Dissertation/Thesis Abstract

Rapid Learning with Stochastic Focus of Attention
by Pelossof, Raphael A., Ph.D., Columbia University, 2011, 85; 3451712
Abstract (Summary)

We present a method to determine when to stop the evaluation of a decision-making process. The method determines to stop the evaluation process when the result of the full evaluation is obvious. This trait is highly desirable for margin-based Machine Learning algorithms where a classifier traditionally evaluates all the features for every example. However, some examples are easier to classify than others, a phenomenon which is characterized by the event when most of the features agree on the class of an example. By stopping the feature evaluation when encountering an easy to classify example, a margin-based Machine Learning algorithm can achieve substantial reduction in running times.
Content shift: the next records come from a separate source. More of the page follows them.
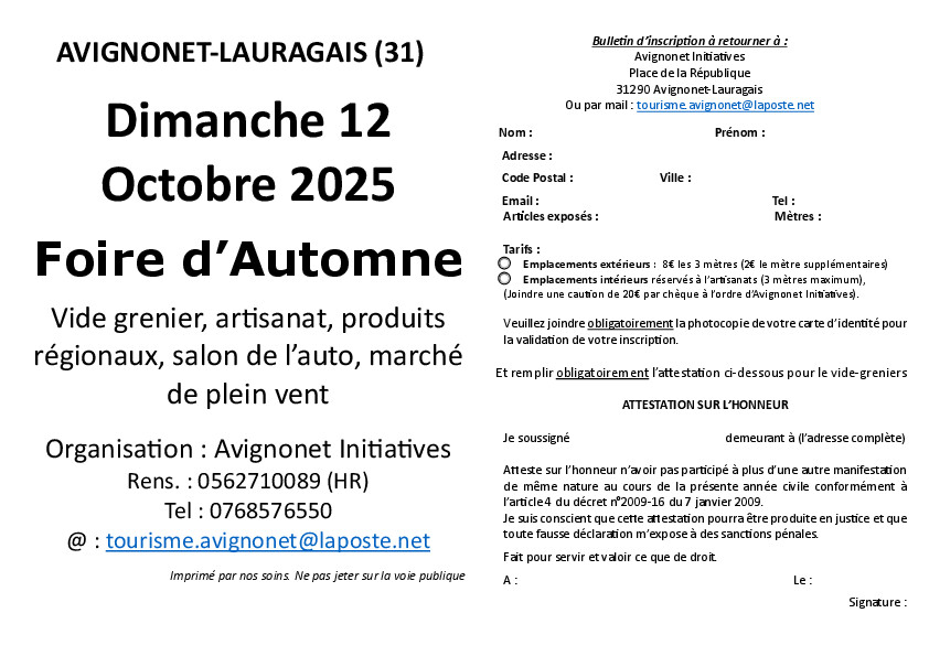 Il est encore temps de s'inscrire pour la foire d'automne 2025 organisée par Avignonet Initiatives le dimanche 12 octobre.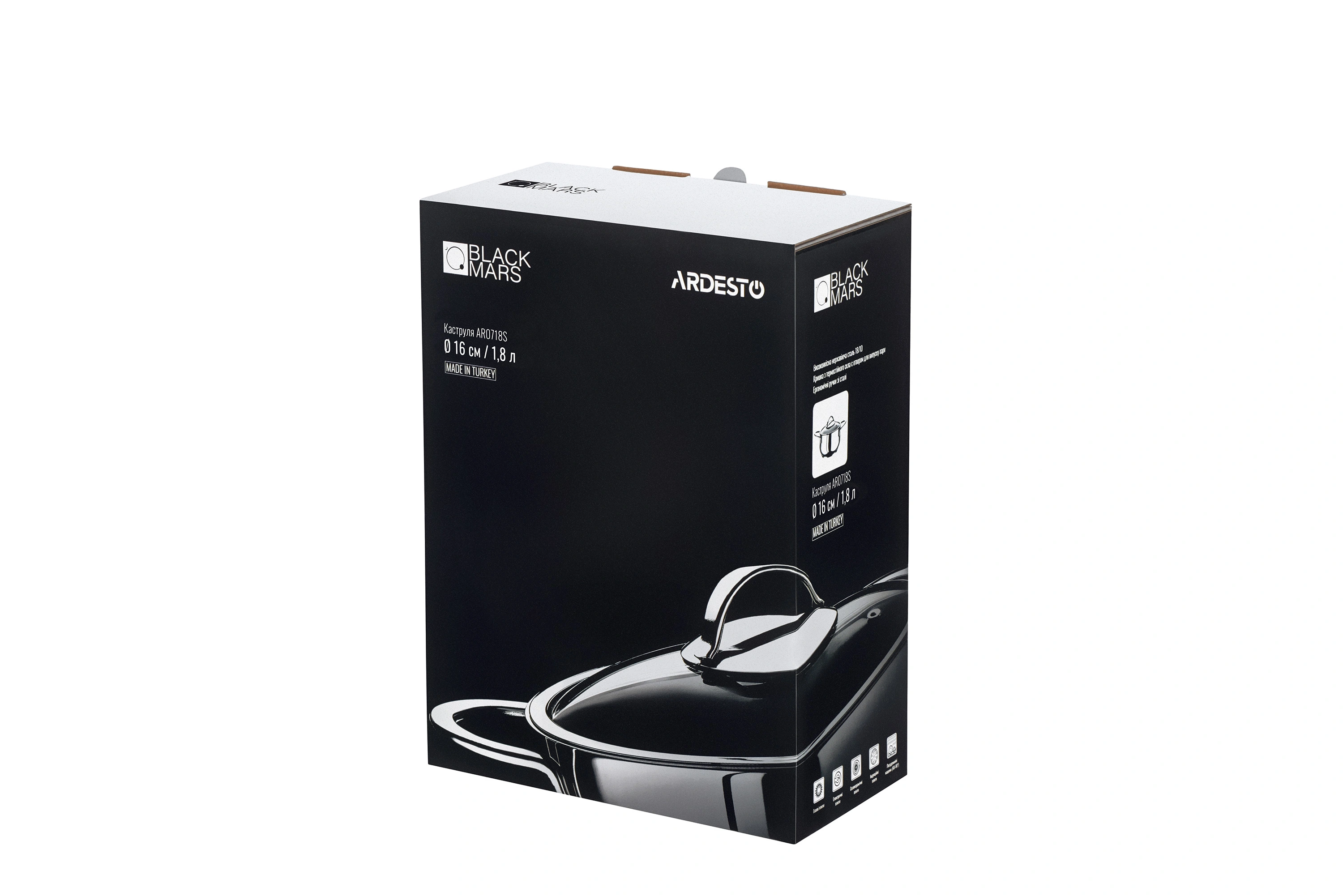 Каструля зі скляною кришкою Ardesto Black Mars, 1.8л, нержавіюча сталь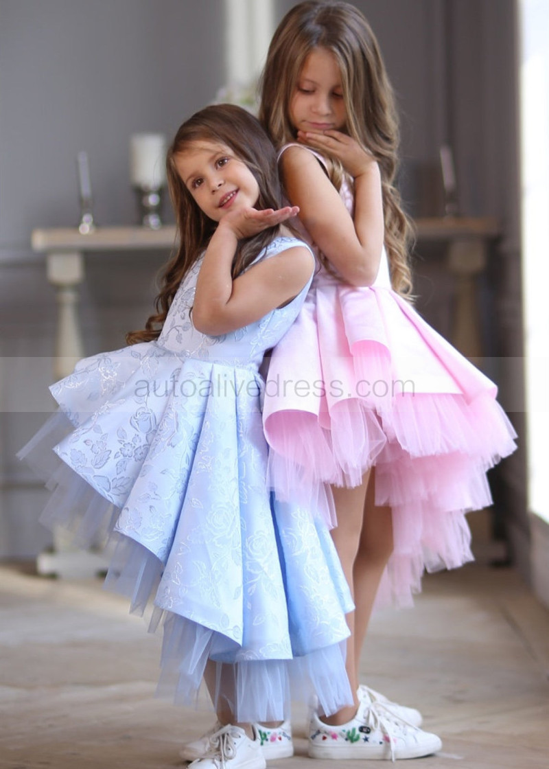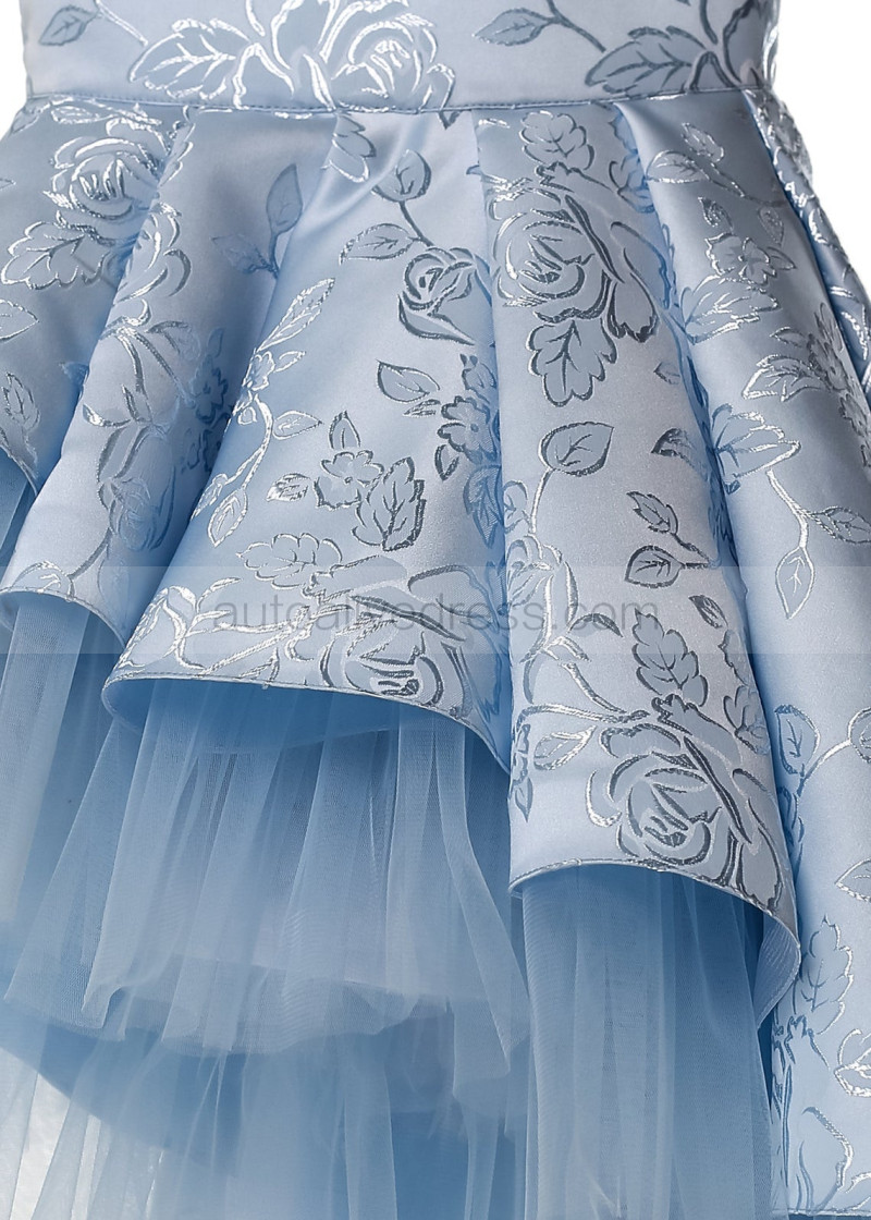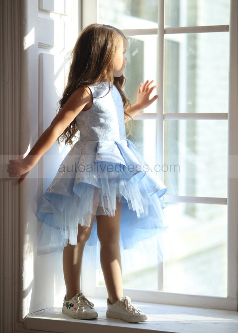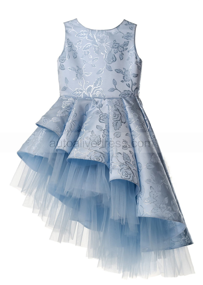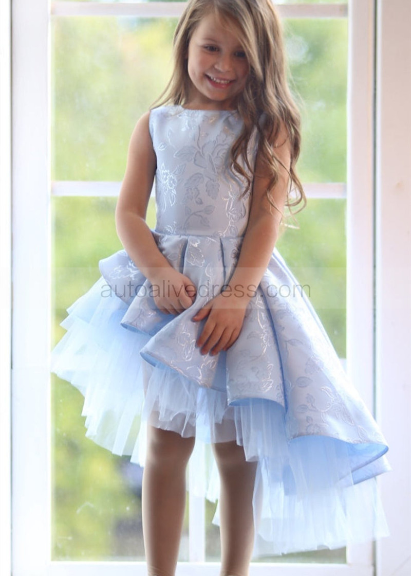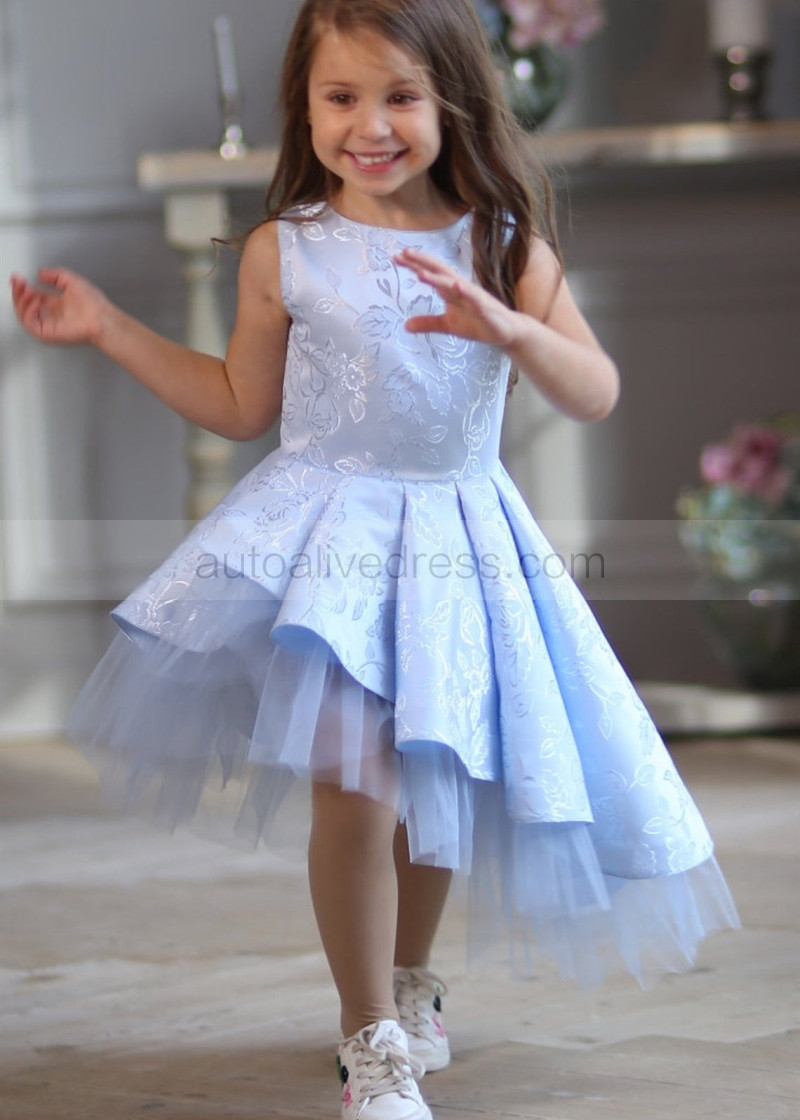 Light Blue Jacquard Asymmetrical Flower Girl Dress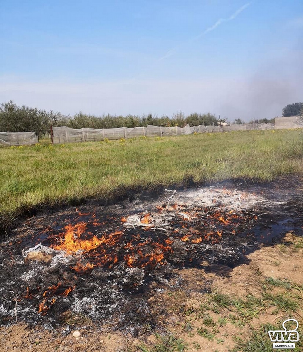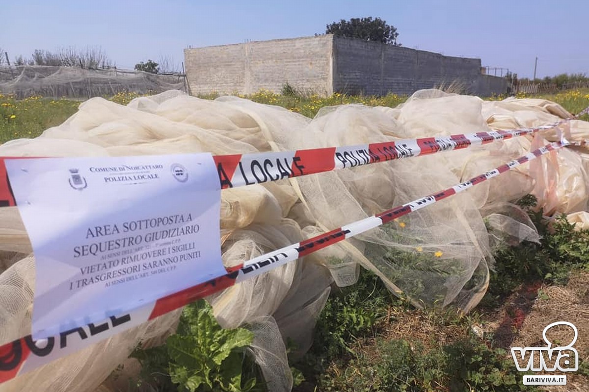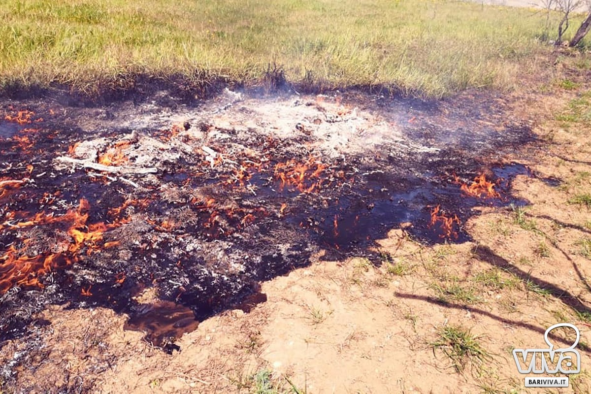 La polizia locale di Noicattaro ha sorpreso questa mattina il titolare di un'azienda agricola intento nel depositare teloni e reti per vigneti e a dar fuoco agli stessi sul suo terreno.
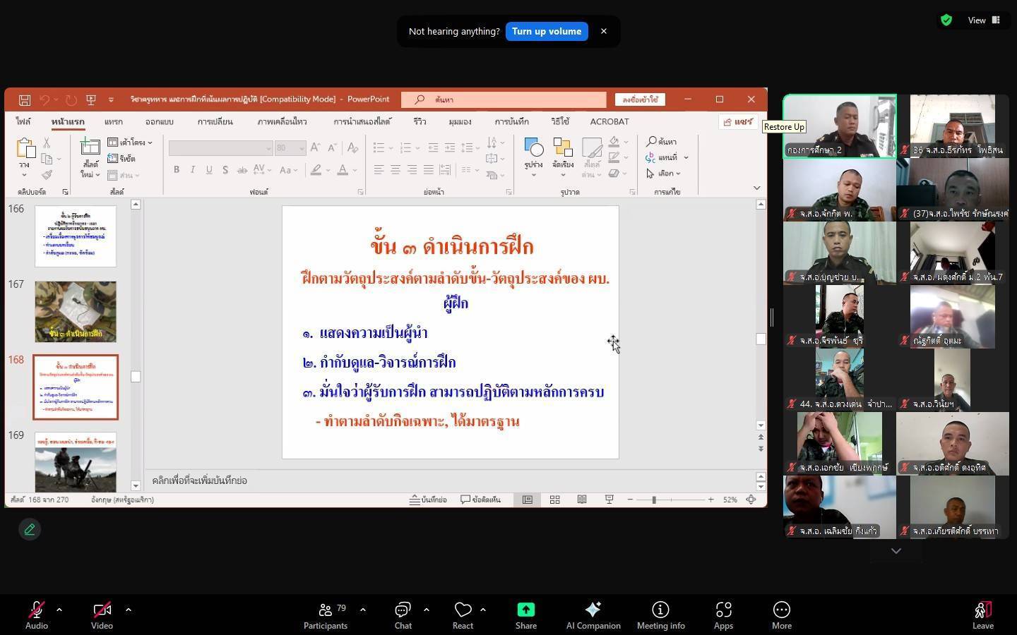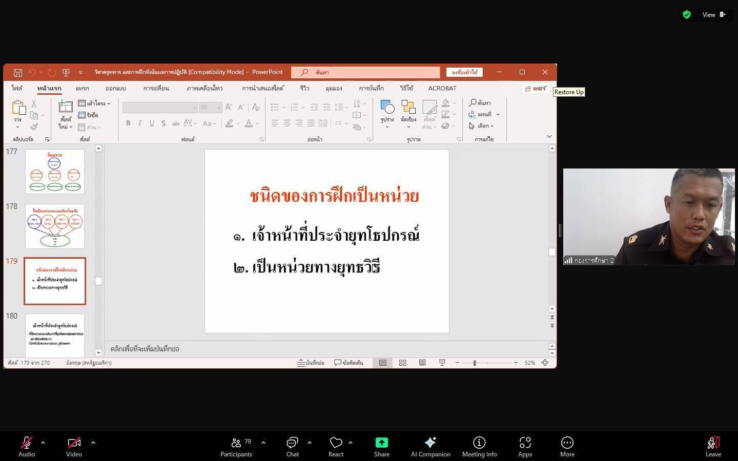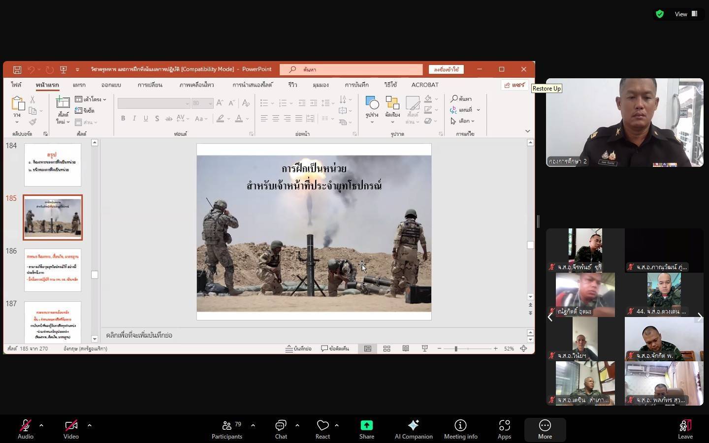 เมื่อวันที่ 30 พ.ค. 68 แผนกวิชาทั่วไป กศ.รร.ม.ศม. ดำเนินการฝึกอบรม วิชาครูทหาร ผ่านระบบ ZOOM Cloud Meeting ให้กับ นสน. หลักสูตรนายสิบอาวุโส เหล่า ม. รุ่นที่ 3 ปี 68 (ห้วงฝึกอบรมผ่านสื่ออิเล็กทรอนิกส์ ณ ที่ตั้งหน่วย)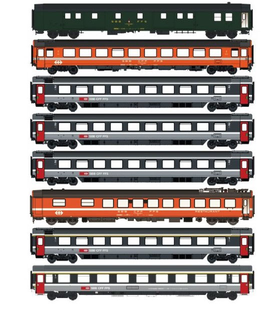 8-tlg. Wagenset des EC EC 114/115 “Arbalète” Paris-Bâle-Zurich (1994-1998) Ep V

To determine when to stop the feature evaluation, we develop a set of novel sequential tests, the Sequential Thresholded Sum Tests (STST). These tests stop the partial evaluation of the sum when the result of the full summation is guaranteed with high probability. By making different assumptions on the data and the features different tests arise. In general we look at the feature evaluation process as a random walk and apply different Brownian motion early stopping inequalities to determine when to stop the walk. From these inequalities we derive a family of stopping thresholds for sequential feature evaluations under different assumptions.

We demonstrate the effectiveness of the different STST by speeding up several Online Learning algorithms on synthetic and real data.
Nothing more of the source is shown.